Spotlight on BAIPA Members – By Linda Jay Geldens
Pat Taylor is a retired neurosurgeon-turned-fantasy writer.
His latest book, The Martian Pendant, is an intriguing mix of Neanderthals, Martians who landed in Africa in a spaceship eons ago, a British archaeologist/Grace Kelly lookalike, and hair-raising flights and chases around the world by academic researchers attempting to escape villainous enemies.
Pat’s lifelong fascination with science, aircraft, flying, and space travel — fired by reading as a kid about Flash Gordon and Buck Rogers, and stories by Jules Verne and H.G. Wells (The War of the Worlds) inspired Pat Taylor to “spin a yarn embodying most of my interests in a science-fiction thriller” — The Martian Pendant.
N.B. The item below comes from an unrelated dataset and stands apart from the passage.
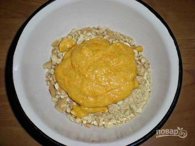 Печенье измельчите, добавьте творожно-тыквенную смесь и размешайте до однородной массы.
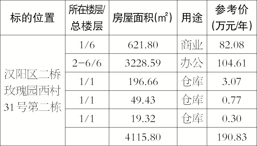 一、标的:武汉市汉阳区二桥玫瑰园西村31号第二栋房及部分无证建筑,合计4115.80平方米,房屋八年租赁经营权。

Pat is also working on another novel; this one is for teenagers and involves astronomy, shamanism and the evolution of a Neolithic society. His grandkids say their imaginations are already fired up to read this action-packed story when it’s finished.
In May 2013 Pat published Wings of Love and War, a historical/biographical novel based on the life of his older brother Phillip — “the golden boy of our large family, the son with so much promise” who was killed in Germany as a B17 Bombardier during World War II. This month, the novel was awarded a Pinnacle Achievement Award as the best work of fiction.
And, in a completely different book category…Pat is thinking of publishing a small book about a subject he knows well: port wine. He has won so many awards for making zinfandel port wine at his Taylor Vineyard, located in the Dry Creek Valley northwest of Geyserville, many consider him an authority on the subject.
“Writing is now my principal hobby,” Pat says, a hobby that he has time to pursue, now that he’s only spending one day a week in the San Francisco neurosurgery practice he’s had for forty years.
Born in 1926 in Los Angeles, Pat and his five siblings grew up in the San Fernando Valley; “the Great Depression in 1932 took its toll on the family’s coffers, but my Dad was an ace salesman for Metropolitan Life, and my Mom was an expert seamstress who made drapes and gowns to sell, so we kept a roof over our heads.” The summer before graduating from North Hollywood High, Pat worked as a riveter’s helper, building B-17 bombers. “That earned me enough to buy my first car.”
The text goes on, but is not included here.